The BitStore trait defines an ::Alias associated type, which ensures that all memory accesses through it have appropriate aliasing guards. For builds which do not use the atomic feature (or where the target does not have an atomic variant of the integer), this is Cell, and its protections are the loss of thread-safety. For builds that do permit atomics, the marker enforces that all reads and writes use atomic instructions.

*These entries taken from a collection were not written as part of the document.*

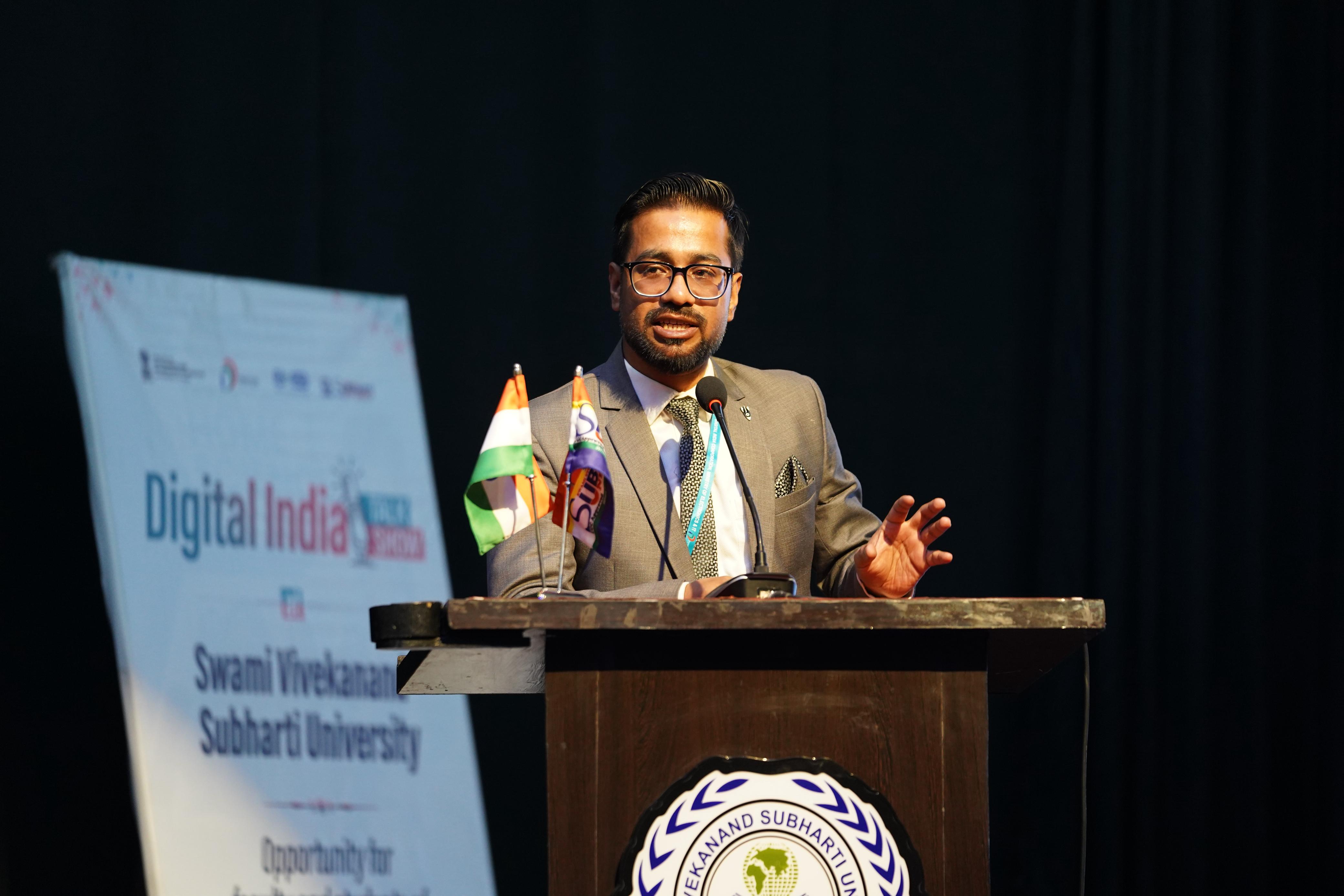 A Digital India Talk Show cum Interactive Session was conducted at the Swami Vivekanand Subharti University, Meerut, on April 13, 2026, engaging over 500 students and faculty members. The session aimed at enhancing awareness of Digital Public Infrastructure (DPI), cybersecurity, and emerging technologies among the youth. Expert sessions by the National e-Governance Division (NeGD) covered key initiatives such as DigiLocker, UMANG, API Setu, MeriPehchaan, Academic Bank of Credits (ABC), National Academic Depository (NAD), and APAAR ID, along with insights on cybersecurity and the Digital Personal Data Protection Act, 2023. The interactive session included discussions, Q&A and a Digital India Quiz, followed by a prize distribution ceremony. The programme concluded with a Vote of Thanks by Prof. (Dr.) Manoj Kapil, Dean, SITE.
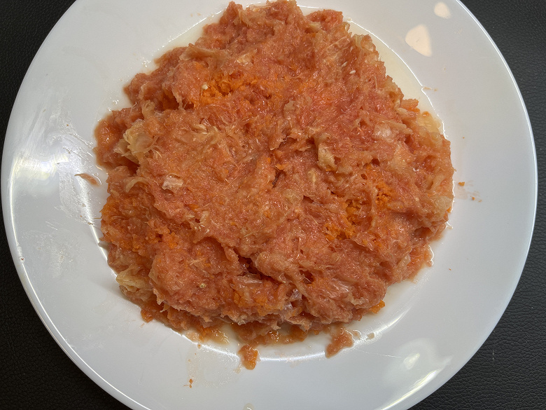 Весь процесс (с учетом выпрыгивающих кусочков) занял у нас 2,5 минуты, что не может не сказаться на результатах тестирования. Однако хотим отметить, что при этом сам отжим происходил очень быстро и мы получили отличный по качеству капустный сок.
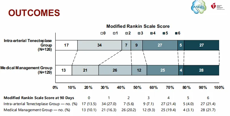 在反橋接治療方面,ANGEL-TNK旨在研究發(fā)病4.5-24h的急性前循環(huán)大血管閉塞患者,機(jī)械取栓再通后,動(dòng)脈內(nèi)注射替奈普酶溶栓的療效和安全性。研究由首都醫(yī)科大學(xué)附屬北京天壇醫(yī)院繆中榮教授團(tuán)隊(duì)主導(dǎo),該研究納入256例受試者,主要終點(diǎn)為90天mRS評(píng)分0-1分的患者比例。
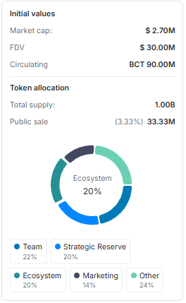 - Initial circulating supply: 90,000,000 BCT
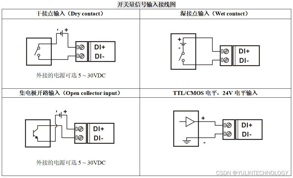 输入类型: 开关输入, 4 通道 (DI0~DI3).
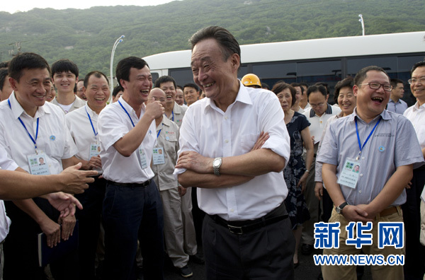 9月5日至7日,中共中央政治局常委、全国人大常委会委员长吴邦国在福建调研。这是吴邦国在平潭综合实验区金井湾组团工地同正在施工建设的闽台员工亲切交谈。新华社记者 李学仁 摄
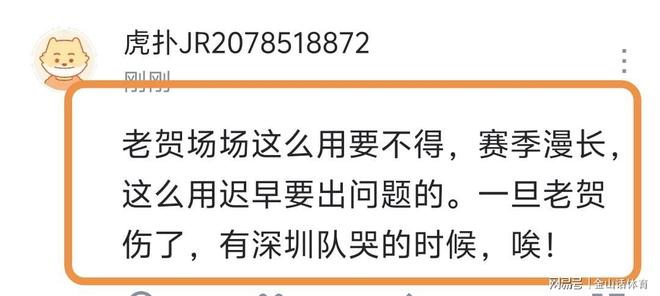 全场打满40分,如此超负荷运转,也让球迷们心疼不已。“把贺希宁当牛一样使啊?打满40分钟。”;“生产队的驴都不带这么用的”;“牛都不敢这样用啊。真牛逼”;“老贺每场都这么用要不得,赛季漫长,这么用迟早要出问题的。一旦老贺伤了,有深圳队哭的时候,唉!”……
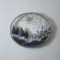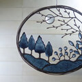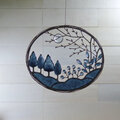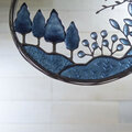 一見 濃藍の闇色ですが、光にかざすと 内側に入れたブルーが透けて、色のトーンの違いや リースの下の原っぱの部分に施した草花のレリーフ模様が楽しめます。
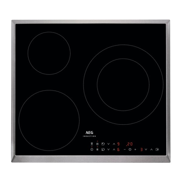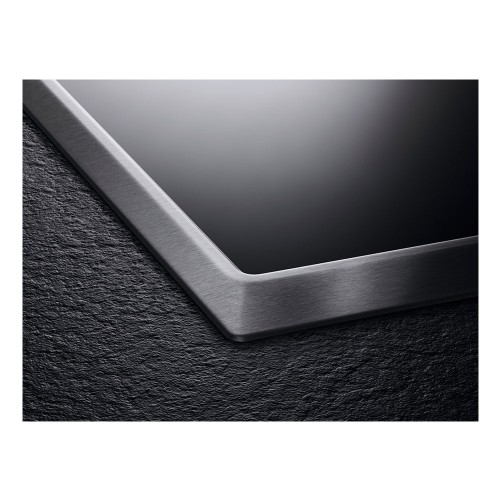 Placa de inducción flexible de 60 cm extraplana con marco de acero inoxidable y 3 zonas, una de ellas de 28 cm y 3,7 kW cm, controles táctiles, función Pausa, funcíon PowerBoost de calentamiento rápido y sistema Hob2Hood de conexión automática con una campana compatible.
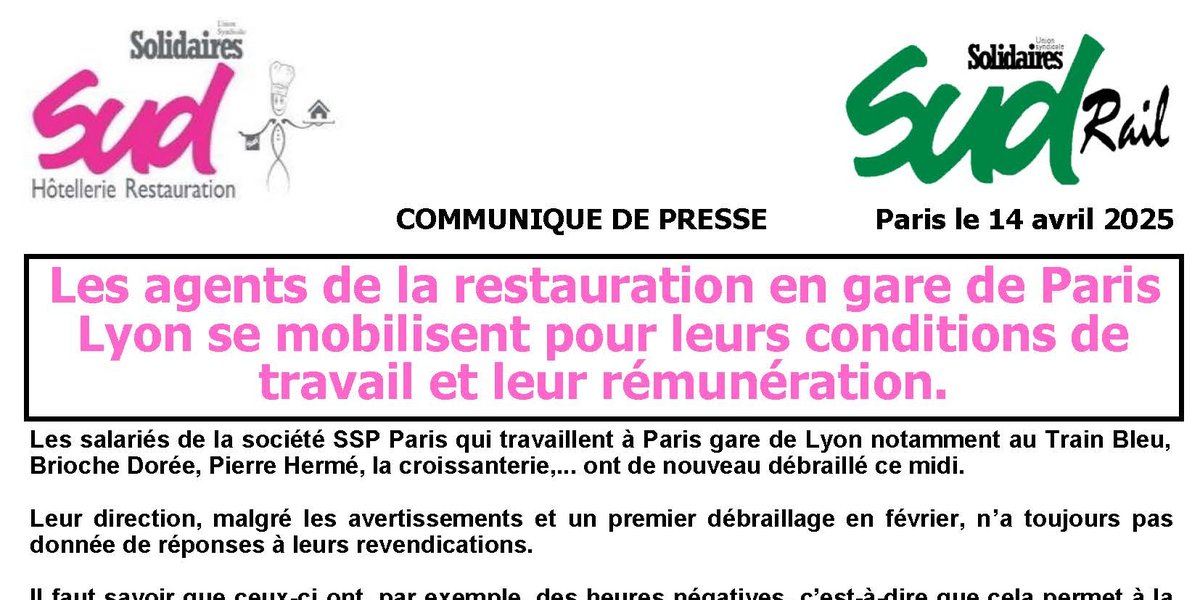 SUD Hôtellerie/restauration et SUD-Rail se trouvent aux cotés des salariés en lutte face à un patron qui ne les écoute pas. Des salariés qui sont mal payés et qui travaillent dans des conditions difficiles, car une gare, c’est un environnement bruyant et complexe, des services rapides et une exigence qui est donc particulière.
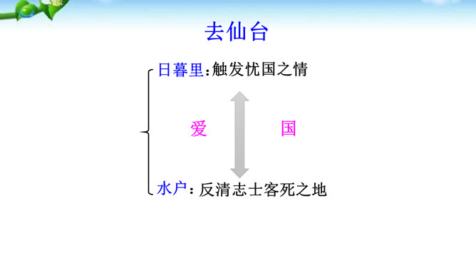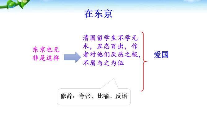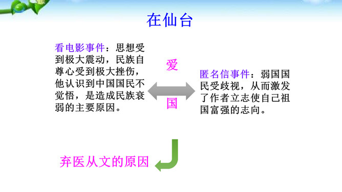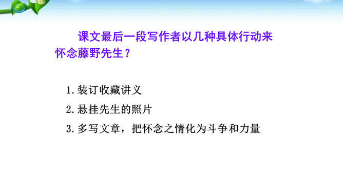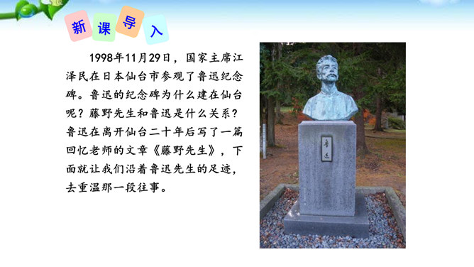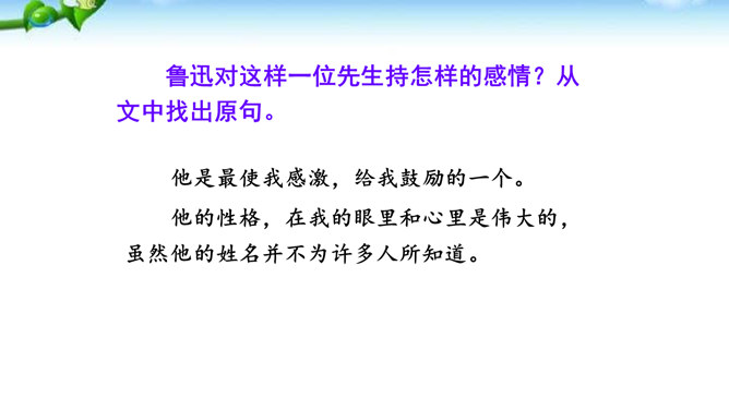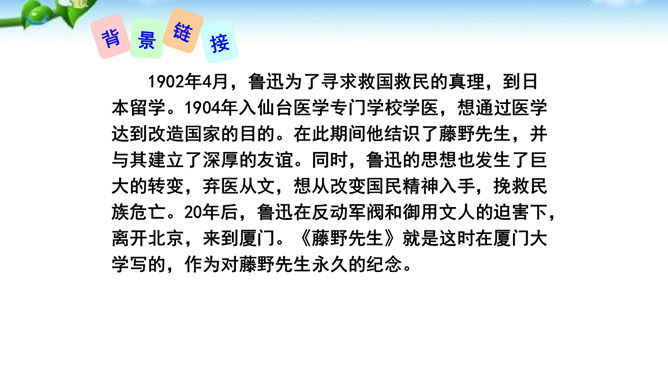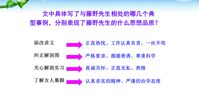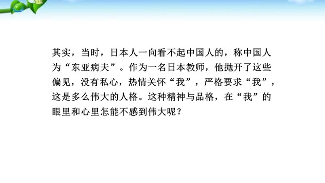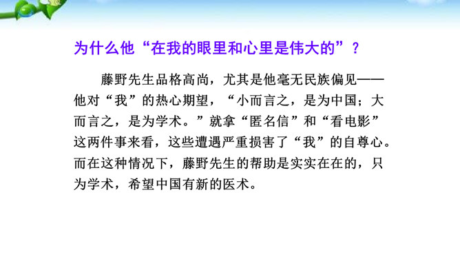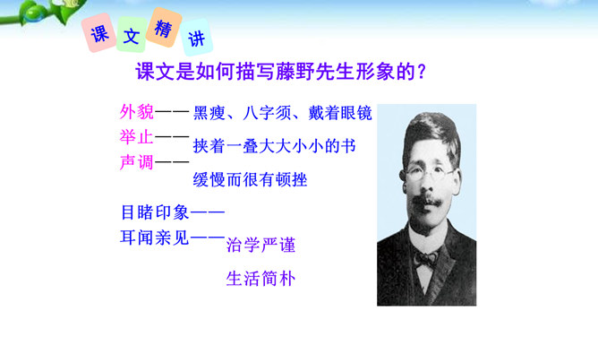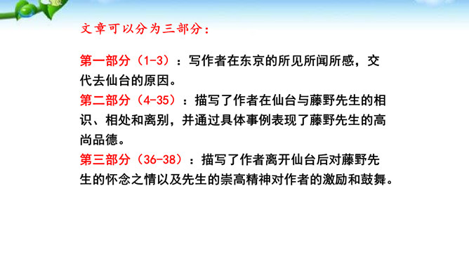 第一部分(1-3):写作者在东京的所见所闻所感,交代去仙台的原因。第二部分(4-35):描写了作者在仙台与藤野先生的相识、相处和离别,并通过具体事例表现了藤野先生的高尚品德。第三部分(36-38):描写了作者离开仙台后对藤野先生的怀念之情以及先生的崇高精神对作者的激励和鼓舞。鲁迅对这样一位先生持怎样的感情?从文中找出原句。与句末的语气“罢”合用,以诙谐的口气猜测在仙台受“优待”的原因,以“物以希为贵”为喻,表现出一个弱国国民的辛酸和强烈的民族自尊心。所属专题:藤野先生ppt。
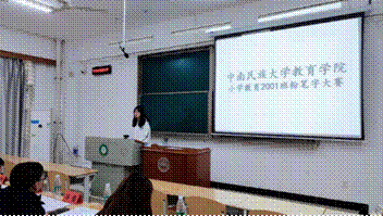 最终,比赛最终紧张热烈的气氛中落下帷幕。付盼同学获得一等奖,卢丹红、张铮、邓婧雯3位同学获得二等奖,李宇哲、黄廷颖、陈旭阳、裴旭和左淑玲5位同学获得三等奖。无论是参赛选手还是现场观摩的同学都表示,通过粉笔字比赛,同学们学习师范生技能的积极性得到很大提高,要成为一名合格的小学老师,要学习的还有很多,让我们下一个系列比赛再见!
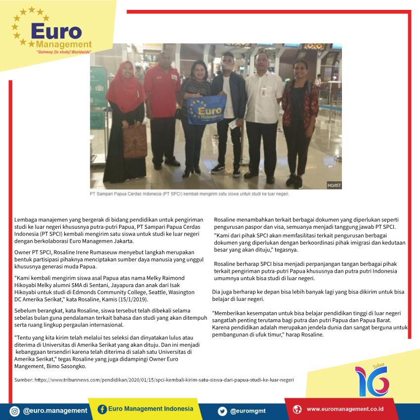 Euro Management Indonesia bekerjasama dengan PT Sampari Papua Cerdas Indonesia (PT SPCI) kembali memberangkatkan kembali Mahasiswa atas nama Melki Raimon H Asal Sekolah SMKN 8 Jayapura , yang akan melanjutkan studi nya Edmonds Community College, Amerika Serikat
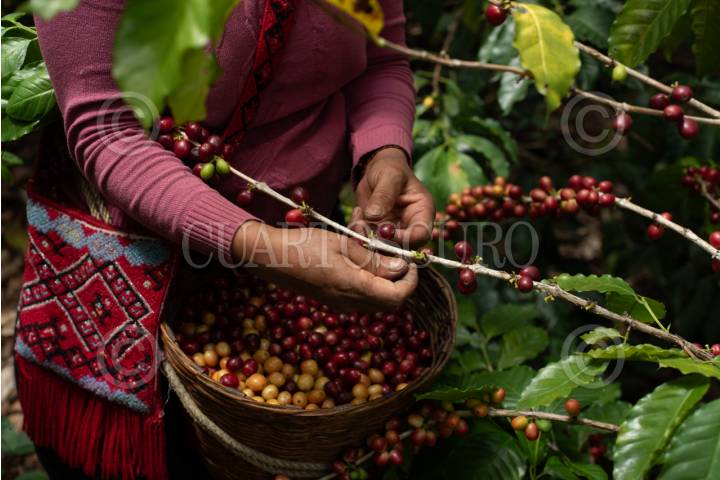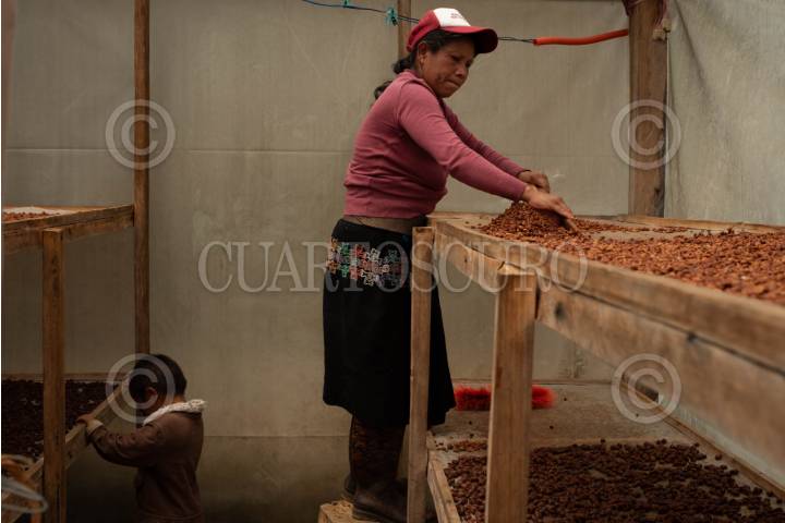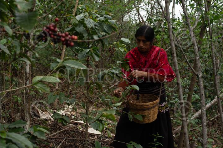 TENEJAPA, CHIAPAS, 21MARZO2024.- Mujeres organizadas de la comunidad de Yashanal han profesionalizado sus procesos para obtener mejor calidad en sus granos de café, todas recuerdan trabajar con sus familias desde niñas en los cafetales, pero desde hace unos años decidieron organizarse y mejorar su producto para venderlo a mejores precios en el mercado y comercializar ellas mismas eliminando a intermediarios. El camino como cuentan no ha sido fácil pero disfrutan el aprendizaje desde la siembra de café hasta el tostado. A 1800 metros de altura sobre el nivel del mar, Verónica, Lucia, Juana y Antonia en compañía de otras mujeres que forman parte de la cooperativa aprovechan la temporada de corte para seleccionar los mejores frutos, ahora que han aprendido el proceso de tratamiento llamado honey disponen las mejores granos para su producción, ya que el precio en el mercado es más alto que en el proceso natural o lavado. Chiapas de los estados con mayor producción de café en el país. FOTO: ISABEL MATEOS/CUARTOSCURO.COM
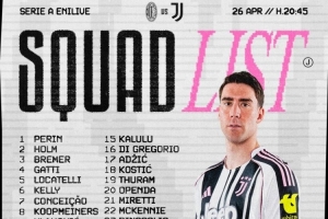 24直播网4月26日讯 北京时间明天凌晨,尤文将在意甲第34轮比赛中客场对阵米兰,尤文公布了此役的球员名单。佩林、弗拉霍维奇、阿季奇回归。

The ::Alias marker is applied, at compile time, by operations that split &mut BitSlice references into multiple coëxisting subslices. This is a good first step to reducing unnecessary synchrony, but not good enough. Consider the following:

#![allow(unused)]
fn main() {
use bitvec::prelude::*;

let mut data = [0u8; 2];
let bits = data.view_bits_mut::<Lsb0>();
let (one, two) = data.split_at_mut(8);
}

It so happens that this is equivalent to splitting data first, then viewing each subslice as bits, but this transformation can only be done if the partition point is known at compile-time to fall on an element boundary. There is no need for the subslices one and two to use alias-safe operations, as accesses to memory through them do not conflict with each other.

Bit Slice Domains

The in-memory domain of any bit slice can be generalized to one of two formats: either the slice touches zero edge-bits (0 or T::BITS - 1), or it touches at edge-bit in at least one element. Consider three bytes of memory (any element will do, but the extra width on this page is unnecessary), with some bitslice regions drawn within them:

|00000000│11111111│22222222| Element
|76543210│76543210│76543210│ Bit
├────────┼────────┼────────┤
┆        ┆        ┆        ┆ 1
┆        ╞═════╡  ┆        ┆ 2
┆        ┆ ╞════╡ ┆        ┆ 3
┆        ┆  ╞═════╡        ┆ 4
┆   ╞═════════╡   ┆        ┆ 5
┆    ╞════════════╡        ┆ 6
┆        ╞═════════════╡   ┆ 7
┆     ╞═════════════════╡  ┆ 8
╞══════════════════════════╡ 9

There are nine example slices here, but they can be reduced into six specific categories, and two general ones:

  1. empty: row 1
  2. partially-spanning tail, no body: row 2
  3. minor (interior of an element, no edge indices): row 3
  4. partially-spanning head, no body: rows 4
  5. major (partial head, partial tail, no body): row 5
  6. partially-spanning head, fully-spanning body: row 6
  7. partially-spanning tail, fully-spanning body: row 7
  8. major (partial head, partial tail, full body): row 8
  9. spanning: row 9

The minor slice (row 3) is irreducible; the rest can all be divided into three subcomponents:

  • zero or one partially-occupied head element, where the slice touches the last index in it but not the first
  • zero or more fully-occupied middle elements, where the slice touches all indices in each
  • zero or one partially-occupied tail element, where the slice touches the first index in it but not the last

We can break each row down into these components:

RowHeadBodyTail
1None0None
2None0Some
4Some0None
5Some0Some
6Some1None
7None1Some
8Some1Some
9None3None

We can observe that where a slice fully-spans some elements, those elements cannot be mutated by any other reference. In the &BitSlice case, all &muts are forbidden by the compiler’s ordinary rules; in the &mut BitSlice case, bitvec’s obedience to those same rules forbids any other handle from observing the bits covered by the &mut BitSlice. As such, it is statically impossible for any alias to exist to the described memory in row 9, or for any alias to observe element 1 of rows 6 through 8.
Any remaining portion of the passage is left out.